My PHP finally works! My host put a technician on it or something, and suddenly when I checked yesterday, it just worked! So this whole thread has been kind of... well, not necessary - but I thank you all for your help anyway!

Now I have a new problem:

Seeing as how I'm still a PHP newbie, tweaking and customising WordPress has taken me quite a while (alright, a day and a half, including an upgrade from 1.0.2 to 1.2). Now I only have two little things left that I have to do, but unfortunately those are the two things that I have no idea how to do!

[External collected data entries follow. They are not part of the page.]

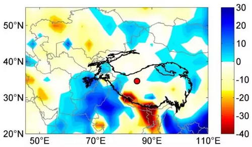 青藏高原及周边地区2000年至2012年的降水变化情况(红色表示减少,蓝色表示增加)
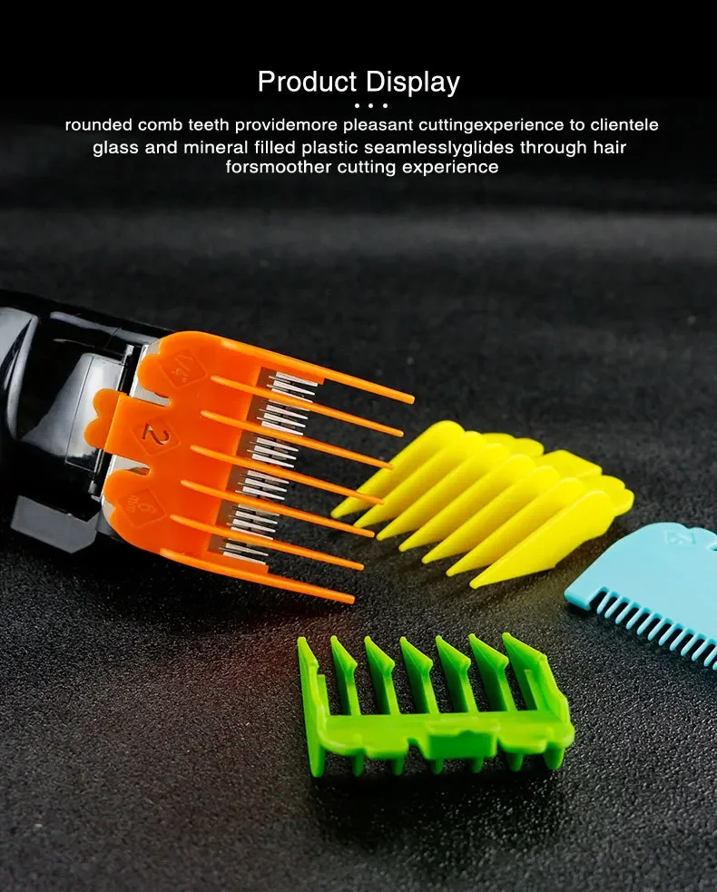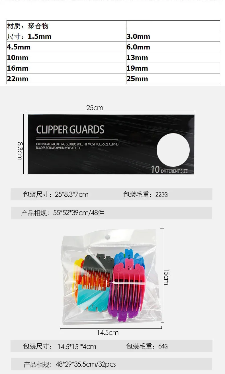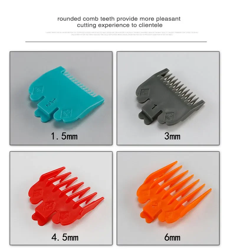 Get 10 combs, each with a different color and a different cutting length for a full range of options
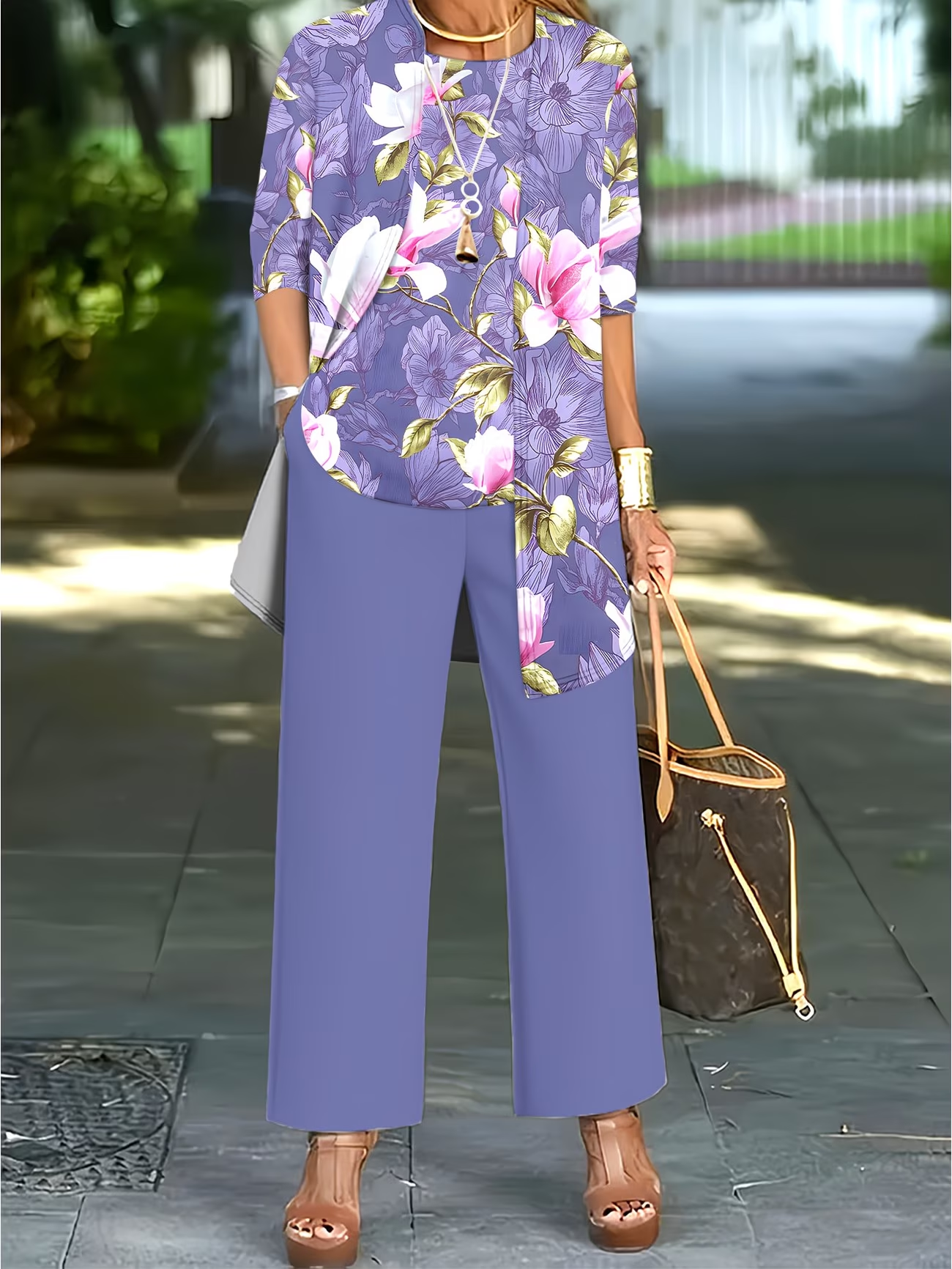 Women Floral Printing Matching Outfit Daily Long Sleeve Casual Spring/Fall Multi-Piece Set Matching Set

1. Change the names of weekdays and months from English to Danish (I'll be blogging it in Danish). Before my little upgrade, when I was trying to figure out 1.0.2, I did it by changing them manually in wp-config-extra.php. But now that I'm trying to figure out 1.2, that option is kind of not so very existant anymore, since there is no wp-config-extra.php in 1.2. Anyone know how I can do this? I really don't want to go the whole .mo file way and translate everything, I just need the weekdays and months...

2. I have WP set up so that the index page only shows the single most recent post. Then there's the little "Comments (0)" link underneath it, and that is what I hate! I don't want to have to click that link to be able to comment, I want all the comments and the comment box to be right there underneath the post on the index page itself, just as it is when you click the link (in other words, I want it to look like this, not this when you go to eithne.dk/journal). But this has turned out to be harder than I thought! I managed to get the comment box moved over there by simply copy-pasting some of the code from wp-comments.php into index.php (it didn't even break anything), but then I noticed that it didn't really work after all - it just said "There are no comments" no matter how many comments there actually were...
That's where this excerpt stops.